Your goal >> Set the pictures aside and set down only the lines from the line holding "izvršilac u organizaciji" through the end of the entries below, ends included.

Given data >>

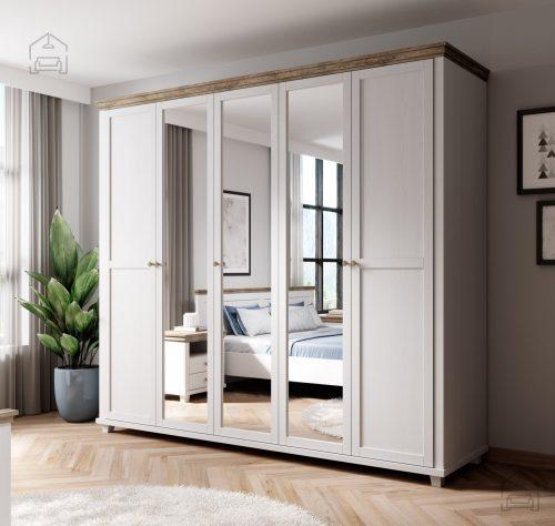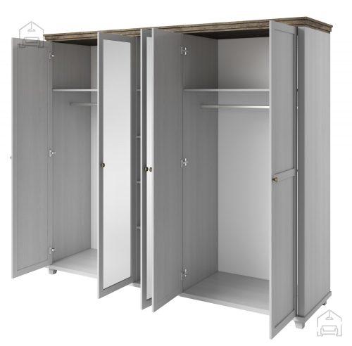 Garderobna omara Evora S vključuje 5 vrat, kar omogoča enostaven dostop do notranjosti. Poleg tega so v omaro integrirana 3 ogledala, ki ne samo da olajšajo izbiro oblačil, temveč tudi optično povečajo prostor in izboljšajo osvetlitev v sobi.
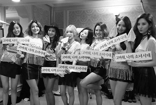 공개된 사진 속 그들은 '고마워, 나의 소녀시대'가 적힌 피켓을 들고 환하게 웃고 있다.
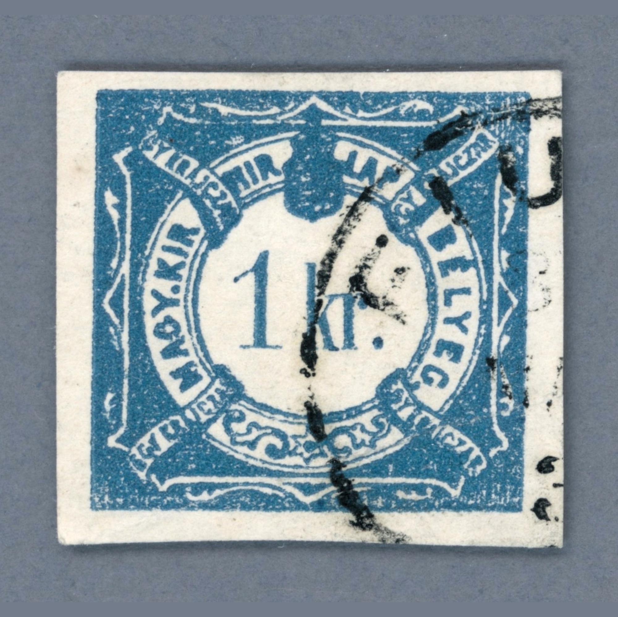 1868 Hungary – 1 kr newspaper duty stamp with extreme overpainting and with a Fiume postmark
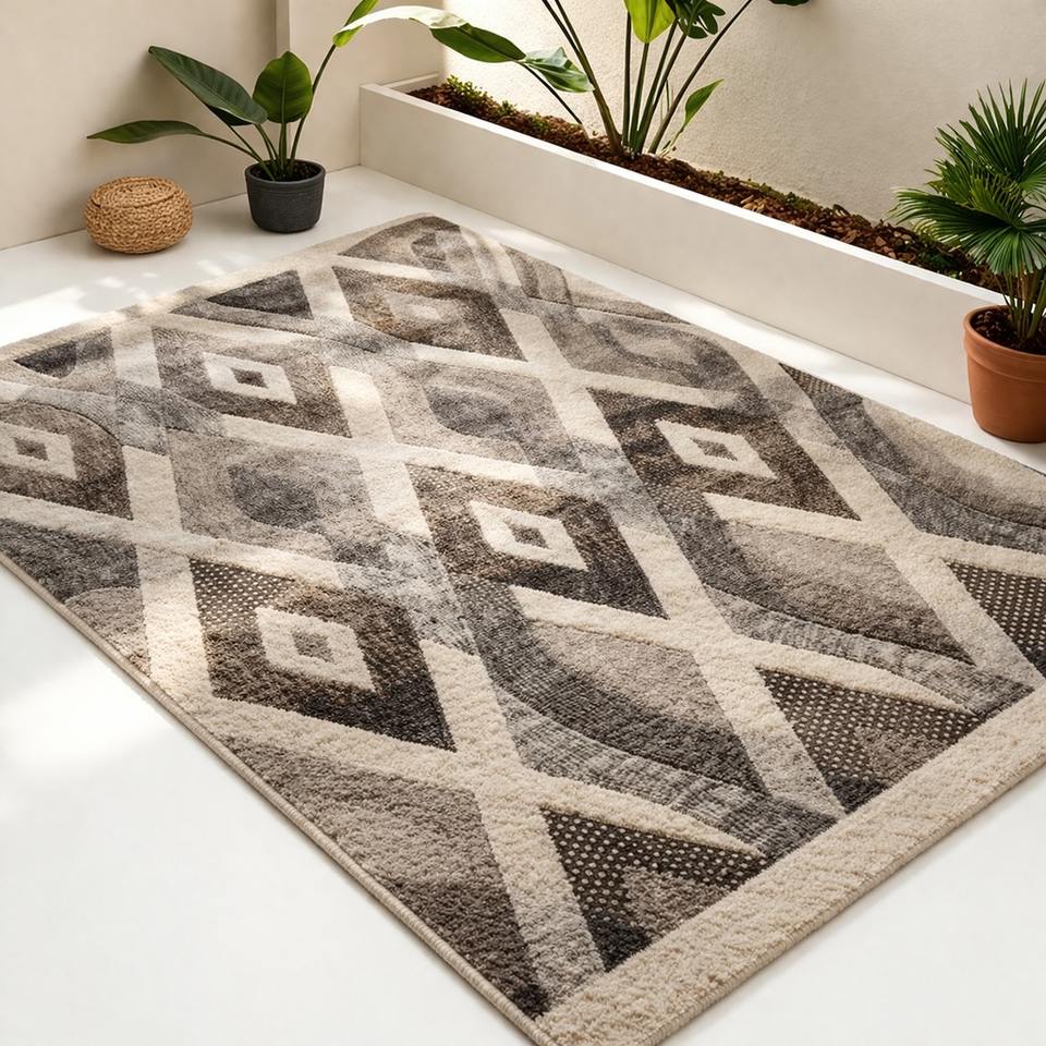 Nom du produit:Tapis géométrique moderne gris, moquette neutre, doux et moelleux
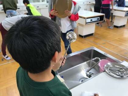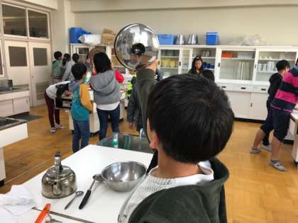 今年度は、3学期(2月中旬頃)に『作品展』があります。その作品展に向けて、2学期から早めに作品の制作を始めています。まず最初に、作品の題材探しということで、図工なのに“家庭科室”にやってきて、おなべのフタやスプーンなどをながめていました。いったいどんな作品が出来上がるのかは、まだまだ先になりますが、当日をお楽しみに!!
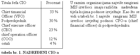 izvršilac u organizaciji nema uvijek titulu CIO. U firmama u kojima informacione
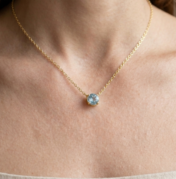 Delicate, timeless, and handcrafted with care, this genuine aquamarine choker necklace is a beautiful addition to any jewelry collection.

Task result >>
 izvršilac u organizaciji nema uvijek titulu CIO. U firmama u kojima informacione
 Delicate, timeless, and handcrafted with care, this genuine aquamarine choker necklace is a beautiful addition to any jewelry collection.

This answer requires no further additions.